Amputations bring large fines in GA and DE

Two food processing companies face major fines from the federal Occupational Safety and Health Administration (OSHA) for failing to protect workers from equipment that led to amputations.

An Atlanta-based poultry processor will pay $608,000 in penalties, negotiated down from the originally proposed fine of $1.3 million following a series of accidents that caused three workers to suffer amputations. Cagle’s is being cited for numerous willful and serious violations at its Macon, GA, facility. An employee lost part of a finger while cleaning moving equipment in 1996, and two other workers lost a finger and a foot in 1995. All of the accidents were traced to violations of the lockout/tagout regulation.

Cagle’s employs 900 workers at the Macon plant and has about 3,550 employees nationwide. The company produces deboned chicken and chicken parts.

A report by OSHA claims Cagle’s managers knew of the hazards posed by workers servicing machinery that had not been locked out and that they failed to respond to employee concerns. Originally, OSHA assessed a fine of $55,000 for each of 21 instances in which employees were assigned to clean machinery but were not trained to perform lockout and did not have locks to use. An additional $110,000 in fines was assessed because equipment was not locked out (even if the workers knew they should have) and for employees locking out for other employees. A fundamental part of the lockout/tagout rule is that employees must lock out for themselves.

The total fines were reduced from $1.3 million to $608,000 because Cagle’s agreed to implement a substantial hazard abatement program. Among other measures, Cagle’s agreed to begin a monthly inspection of lockout/tagout procedures, hire a full-time safety training coordinator at the Macon plant, and contract with a safety consultant who will provide guidance on lockout/tagout procedures.

In the other case, a company in Clayton, DE, is facing a $498,000 fine for refusing to correct job safety hazards that led to two amputations in 1996.

With headquarters in Hanover, PA, Hanover Foods is a food manufacturer that prepares and packages frozen vegetables and dinner entrees. The company employs 4,000 workers nationwide and 400 people at the Clayton plant during busy production periods. Hanover Foods is being cited for more than 30 violations, including failure to properly safeguard machinery, failure to inspect and test safety relief valves, and failure to train employees in safety and health procedures.

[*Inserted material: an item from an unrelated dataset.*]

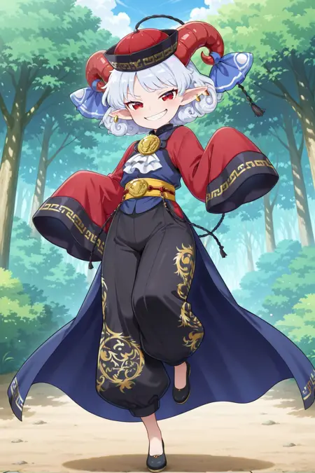 toutetsu yuuma, 1girl, solo, red eyes, white hair, short hair, curly hair, red horns, curled horns, sharp teeth, horn ribbon, blue ribbon, toutetsu yuuma \(all-you-can-devour banquet\), alternate costume, qingdai guanmao, black hat, red hat, chinese clothes, blue chinese clothes, long sleeves, sleeves past fingers, sleeves past wrists, wide sleeves, meandros print, red sleeves, black pants,

OSHA cited the company for safety violations in 1994 and each year since. Two employees suffered amputations last year, prompting the agency to issue $174,000 in fines for hazards discovered in previous inspections and not corrected. The company also was fined $245,000 for six willful violations, $44,000 for 13 serious violations, and $46,500 for a repeat violation.

Like Cagle’s, Hanover Foods also can contest the proposed fines and bargain for a lower settlement.